-- ASSIGNED TASK --
Output the lines from the one holding "RS - Royal Suite" to the end of the entries that follow, exactly and only those, minus any pictures.
BEGIN DATA TO EXAMINE
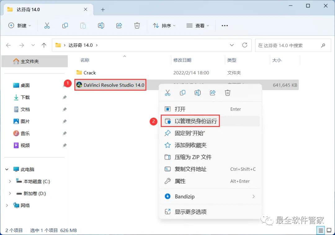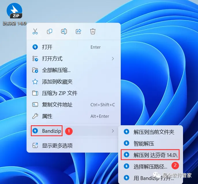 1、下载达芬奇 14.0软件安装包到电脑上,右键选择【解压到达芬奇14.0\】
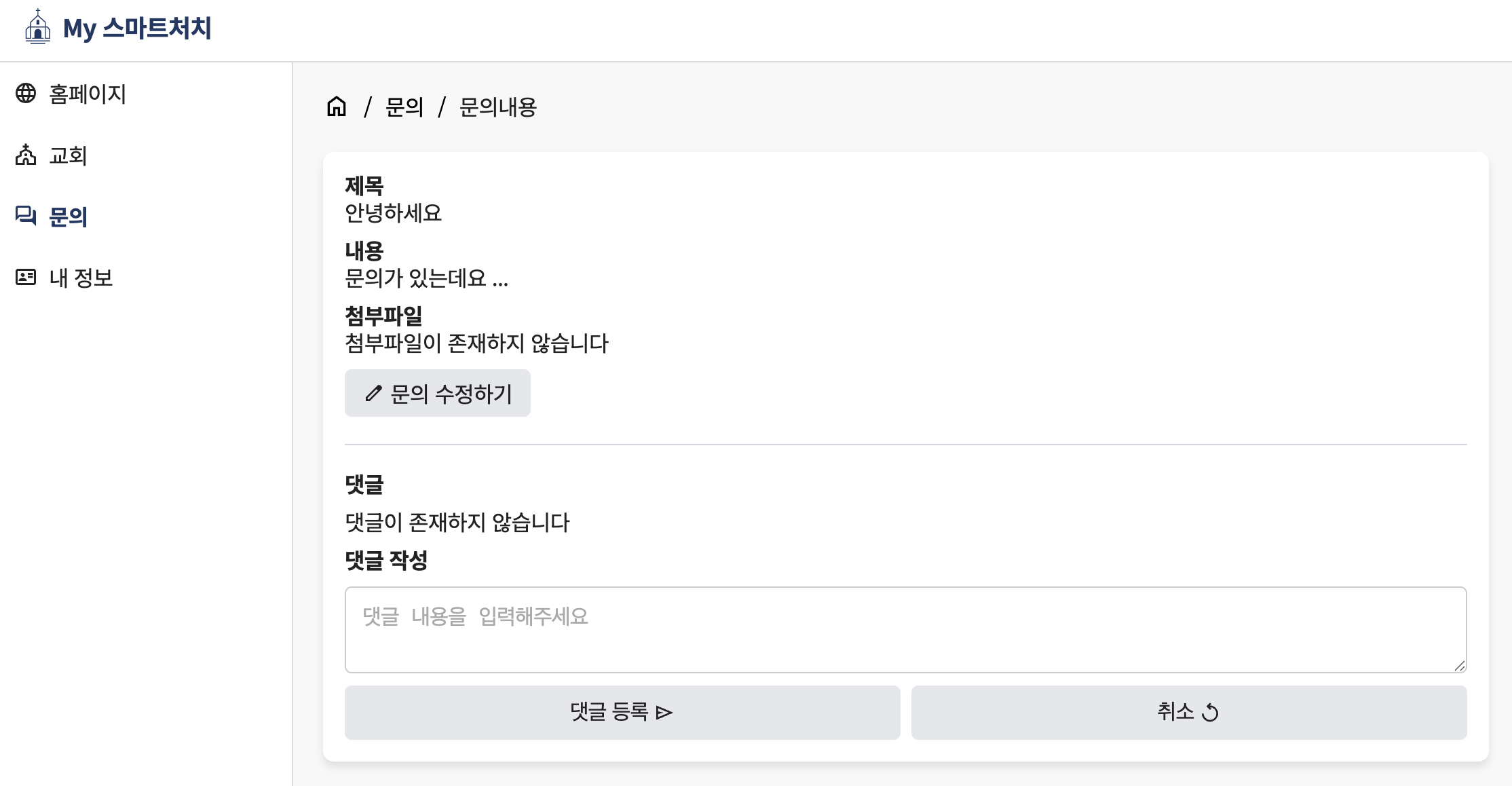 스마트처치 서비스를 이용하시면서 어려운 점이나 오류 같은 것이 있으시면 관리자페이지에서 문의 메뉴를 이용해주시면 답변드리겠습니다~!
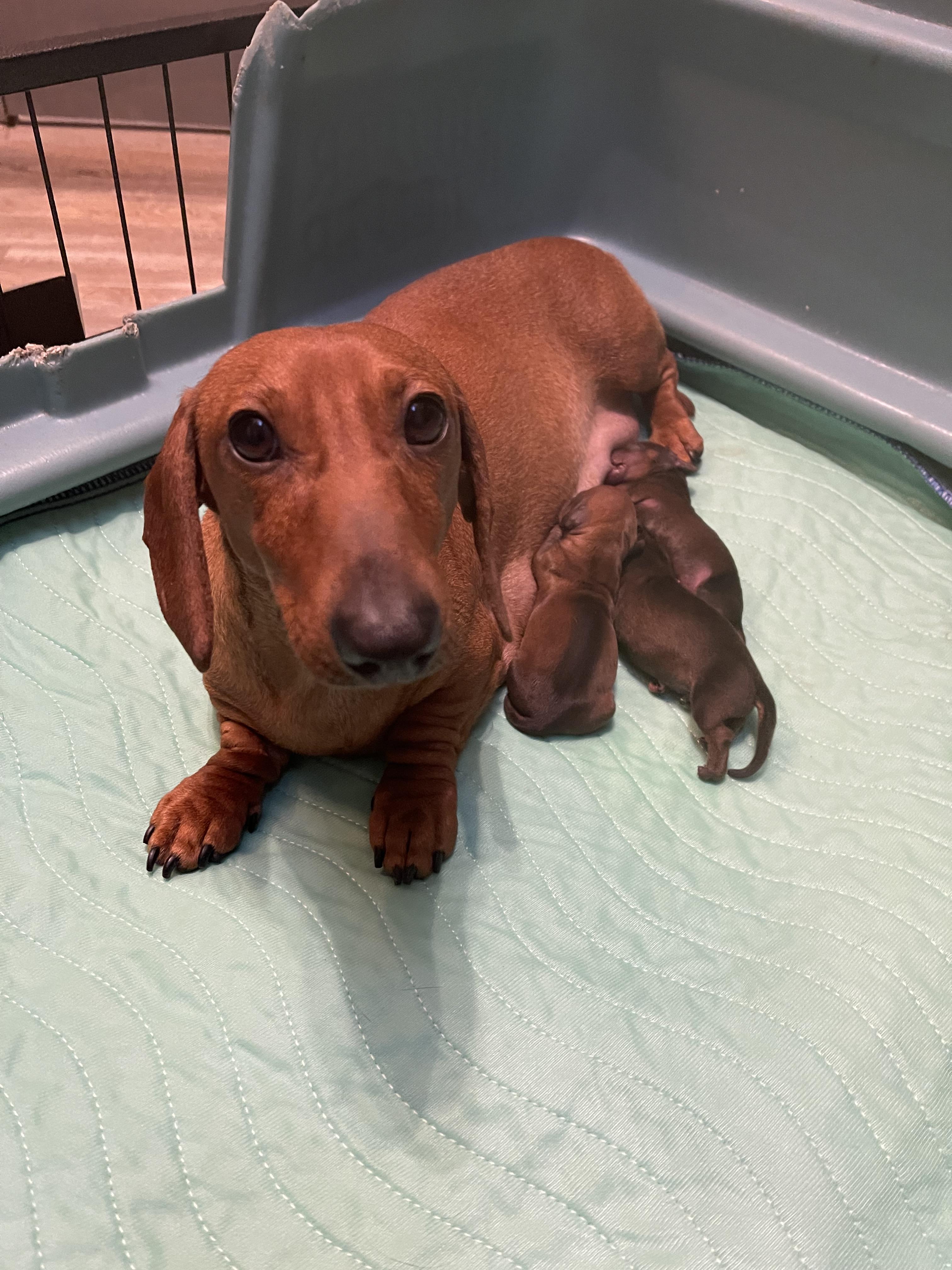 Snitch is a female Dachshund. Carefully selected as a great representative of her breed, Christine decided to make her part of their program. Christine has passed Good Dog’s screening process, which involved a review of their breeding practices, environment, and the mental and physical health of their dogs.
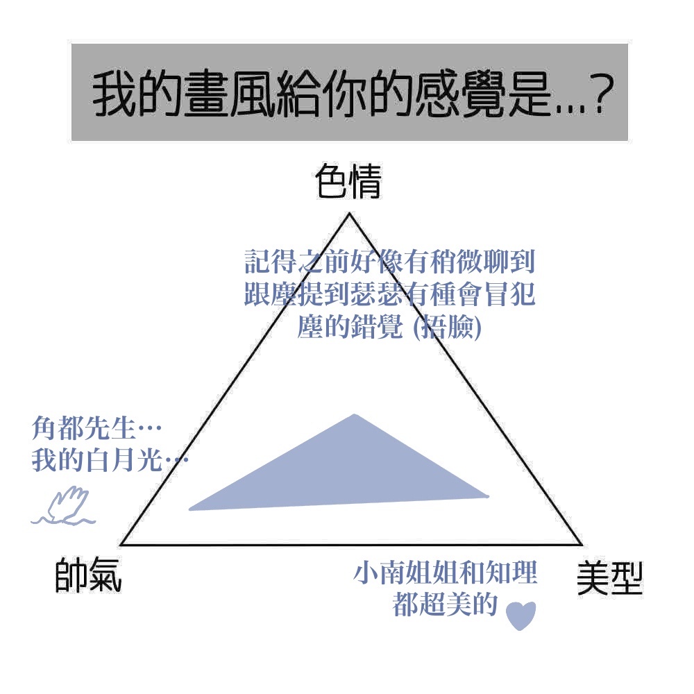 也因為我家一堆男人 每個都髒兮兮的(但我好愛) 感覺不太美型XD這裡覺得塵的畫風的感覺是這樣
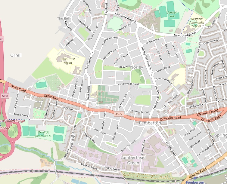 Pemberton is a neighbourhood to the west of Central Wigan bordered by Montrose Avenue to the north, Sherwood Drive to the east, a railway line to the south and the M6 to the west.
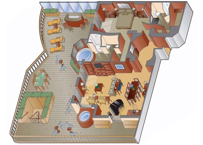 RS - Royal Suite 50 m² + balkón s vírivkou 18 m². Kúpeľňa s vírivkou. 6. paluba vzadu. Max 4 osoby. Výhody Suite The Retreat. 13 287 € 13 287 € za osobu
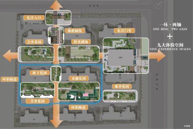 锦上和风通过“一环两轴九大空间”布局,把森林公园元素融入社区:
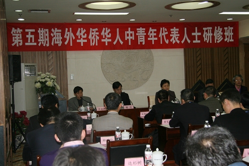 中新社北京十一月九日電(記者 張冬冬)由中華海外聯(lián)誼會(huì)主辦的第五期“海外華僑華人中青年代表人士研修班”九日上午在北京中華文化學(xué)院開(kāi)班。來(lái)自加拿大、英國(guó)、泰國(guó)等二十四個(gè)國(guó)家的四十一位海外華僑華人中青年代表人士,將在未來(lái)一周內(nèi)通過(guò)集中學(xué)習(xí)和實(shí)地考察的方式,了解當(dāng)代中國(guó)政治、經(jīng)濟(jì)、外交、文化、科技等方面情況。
END DATA TO EXAMINE
-- ANSWER --
 RS - Royal Suite 50 m² + balkón s vírivkou 18 m². Kúpeľňa s vírivkou. 6. paluba vzadu. Max 4 osoby. Výhody Suite The Retreat. 13 287 € 13 287 € za osobu
 锦上和风通过“一环两轴九大空间”布局,把森林公园元素融入社区:
 中新社北京十一月九日電(記者 張冬冬)由中華海外聯(lián)誼會(huì)主辦的第五期“海外華僑華人中青年代表人士研修班”九日上午在北京中華文化學(xué)院開(kāi)班。來(lái)自加拿大、英國(guó)、泰國(guó)等二十四個(gè)國(guó)家的四十一位海外華僑華人中青年代表人士,將在未來(lái)一周內(nèi)通過(guò)集中學(xué)習(xí)和實(shí)地考察的方式,了解當(dāng)代中國(guó)政治、經(jīng)濟(jì)、外交、文化、科技等方面情況。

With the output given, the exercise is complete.